I have already included the banama/banana output above so won't repeat it here. The word distance there was 1, so banana easily qualifies as a sensible suggestion if somebody mis-types banama. However, if you typed banama you wouldn't expect your word processor to suggest elephant, so let's try those two words.

Program Output = "banama" and "elephant"

---------------------------------------------
| codedrome.com - Levenshtein Word Distance |
---------------------------------------------

e    l    e    p    h    a    n    t

0    1    2    3    4    5    6    7    8

b     1    1    2    3    4    5    6    7    8

a     2    2    2    3    4    5    5    6    7

n     3    3    3    3    4    5    6    5    6

a     4    4    4    4    4    5    5    6    6

m     5    5    5    5    5    5    6    6    7

a     6    6    6    6    6    6    5    6    7

Minimum cost of transforming "banama" to "elephant" = 7

The word distance here is 7 as banama needs to be almost completely re-typed to get to elephant.
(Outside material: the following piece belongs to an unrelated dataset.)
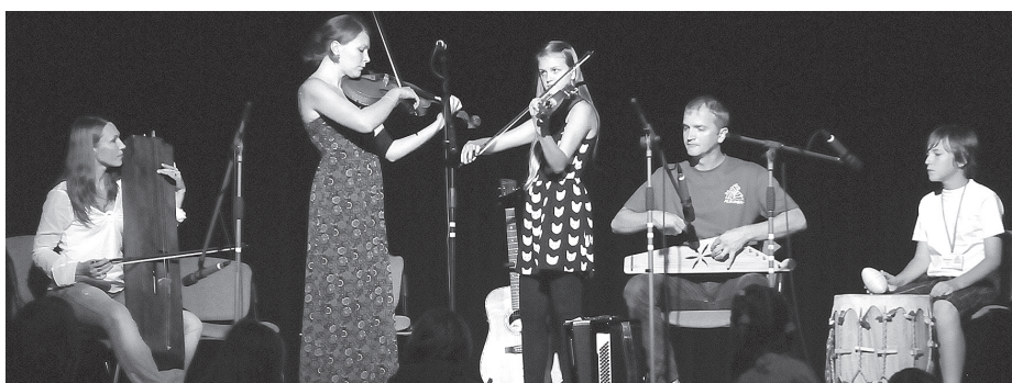
Grupa Trejdeviņi – Saules meitas sagšas raksta un vēl 5 dziesmas

Clearly not a valid alternative.

Program Output = "levinstein" and "levenshtein"

---------------------------------------------
| codedrome.com - Levenshtein Word Distance |
---------------------------------------------

l    e    v    e    n    s    h    t    e    i    n

0    1    2    3    4    5    6    7    8    9   10   11

l     1    0    1    2    3    4    5    6    7    8    9   10

e     2    1    0    1    2    3    4    5    6    7    8    9

v     3    2    1    0    1    2    3    4    5    6    7    8

i     4    3    2    1    1    2    3    4    5    6    6    7

n     5    4    3    2    2    1    2    3    4    5    6    6

s     6    5    4    3    3    2    1    2    3    4    5    6

t     7    6    5    4    4    3    2    2    2    3    4    5

e     8    7    6    5    4    4    3    3    3    2    3    4

i     9    8    7    6    5    5    4    4    4    3    2    3

n    10    9    8    7    6    5    5    5    5    4    3    2

Minimum cost of transforming "levinstein" to "levenshtein" = 2

Finally levinstein/levenshtein. One substitution and one insertion give us a word distance of 2, also a sensible suggestion. You would probably consider word distances of 2 or perhaps 3 to be reasonable for alternative suggestions, but no more.